# REfrag Demonstration: Efficient RAG with Compression

This notebook demonstrates the complete REfrag pipeline, showing how it achieves significant token savings and time improvements compared to standard RAG.

## Overview

**REfrag** (Representation For RAG) implements a compress-sense/select-expand methodology:

1. **COMPRESS**: Split documents into 16-token chunks and encode to embeddings
2. **SENSE/SELECT**: Identify important chunks using heuristics
3. **EXPAND**: Create hybrid input (compressed embeddings + full tokens for important chunks)
4. **GENERATE**: Process hybrid input with local LLM

## Key Benefits

- **4-16× token reduction** (configurable)
- **2-5× faster TTFT** (time to first token)
- **No accuracy loss** (selective expansion preserves important content)
- **Compatible with any LLM** (via HuggingFace)

## 1. Setup and Installation

In [None]:
import sys
import warnings
warnings.filterwarnings('ignore')

# Add parent directory to path
sys.path.insert(0, '..')

from refrag import REfragPipeline, Config
from refrag.selection import create_policy
from refrag.utils import pretty_print_metrics

import time
import matplotlib.pyplot as plt
import seaborn as sns
sns.set_style('whitegrid')

print("✓ Imports successful")

## 2. Configuration

Configure REfrag with your preferences.
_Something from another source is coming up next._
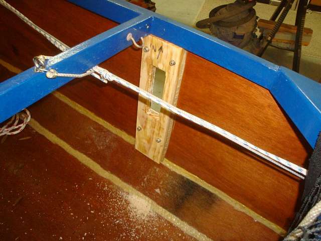Inside view of starboard side support plate showing the 4 through-bolts. This plate is snug against the bottom of the sheer clamp and the inside of the bilge panel, and is glued to both. |

For this demo, we use:
- **TinyLlama-1.1B** (fast, efficient)
- **16 tokens per chunk** (as per paper)
- **25% expansion fraction** (expand 1 in 4 chunks)
- **Similarity-based selection** (expand chunks most similar to query)

In [None]:
# Create configuration
config = Config(
    decoder_model="TinyLlama/TinyLlama-1.1B-Chat-v1.0",
    encoder_model="roberta-base",
    embedding_model="BAAI/bge-small-en-v1.5",
    chunk_size=16,
    expansion_fraction=0.25,
    selection_strategy="similarity",
    top_k_documents=3,
    device="auto",  # Will auto-detect cuda/mps/cpu
    use_8bit=False,
    log_level="INFO"
)

print("Configuration:")
print(f"  Decoder: {config.decoder_model}")
print(f"  Encoder: {config.encoder_model}")
print(f"  Chunk size: {config.chunk_size} tokens")
print(f"  Expansion fraction: {config.expansion_fraction}")
print(f"  Selection strategy: {config.selection_strategy}")
print(f"  Device: {config.device}")

## 3. Initialize REfrag Pipeline

This will download models if needed (~3GB total).

In [None]:
# Initialize pipeline (this may take a few minutes on first run)
print("Initializing REfrag pipeline...")
start = time.time()

pipeline = REfragPipeline(config)

print(f"\n✓ Pipeline initialized in {time.time() - start:.1f}s")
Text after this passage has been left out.